● **Data excerpts**
---
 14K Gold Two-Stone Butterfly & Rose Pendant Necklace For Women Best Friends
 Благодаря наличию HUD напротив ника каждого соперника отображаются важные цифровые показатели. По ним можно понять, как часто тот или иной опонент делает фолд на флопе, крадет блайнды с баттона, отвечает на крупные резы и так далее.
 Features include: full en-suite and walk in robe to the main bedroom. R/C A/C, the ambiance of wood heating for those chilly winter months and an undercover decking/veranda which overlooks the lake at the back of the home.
---
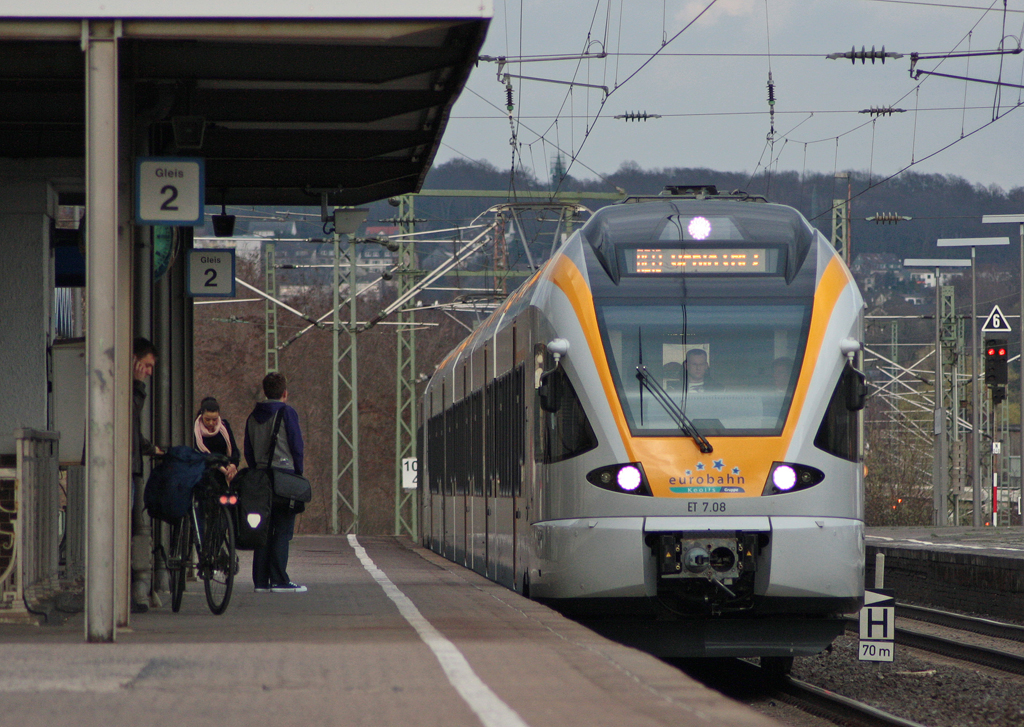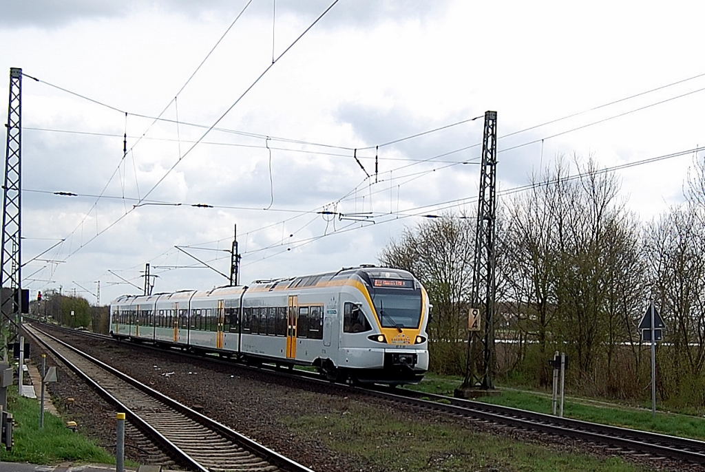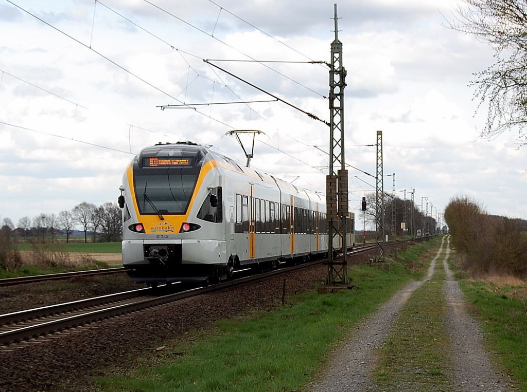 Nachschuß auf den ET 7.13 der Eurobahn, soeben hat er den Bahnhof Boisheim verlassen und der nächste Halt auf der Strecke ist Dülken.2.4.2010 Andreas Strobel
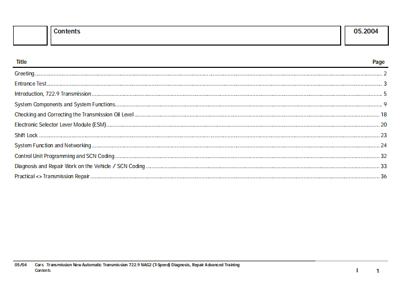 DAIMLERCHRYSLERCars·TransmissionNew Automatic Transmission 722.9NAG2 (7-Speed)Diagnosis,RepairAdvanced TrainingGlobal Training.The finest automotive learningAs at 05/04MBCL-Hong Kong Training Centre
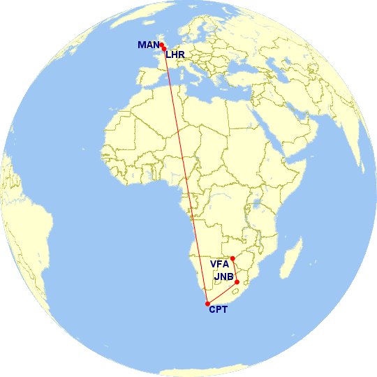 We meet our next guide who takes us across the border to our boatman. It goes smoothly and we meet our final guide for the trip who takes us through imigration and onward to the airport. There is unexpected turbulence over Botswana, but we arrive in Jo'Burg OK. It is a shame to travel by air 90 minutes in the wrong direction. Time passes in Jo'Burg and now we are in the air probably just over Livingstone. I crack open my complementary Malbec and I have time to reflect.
---
● **What you will do**
After locating the line containing "DAIMLERCHRYSLERCars·TransmissionNew Automatic Transmission" in the entries above, return it and every line after it exactly, ending at the line containing "We meet our next", without pictures.

● **Solution below**
 DAIMLERCHRYSLERCars·TransmissionNew Automatic Transmission 722.9NAG2 (7-Speed)Diagnosis,RepairAdvanced TrainingGlobal Training.The finest automotive learningAs at 05/04MBCL-Hong Kong Training Centre
 We meet our next guide who takes us across the border to our boatman. It goes smoothly and we meet our final guide for the trip who takes us through imigration and onward to the airport. There is unexpected turbulence over Botswana, but we arrive in Jo'Burg OK. It is a shame to travel by air 90 minutes in the wrong direction. Time passes in Jo'Burg and now we are in the air probably just over Livingstone. I crack open my complementary Malbec and I have time to reflect.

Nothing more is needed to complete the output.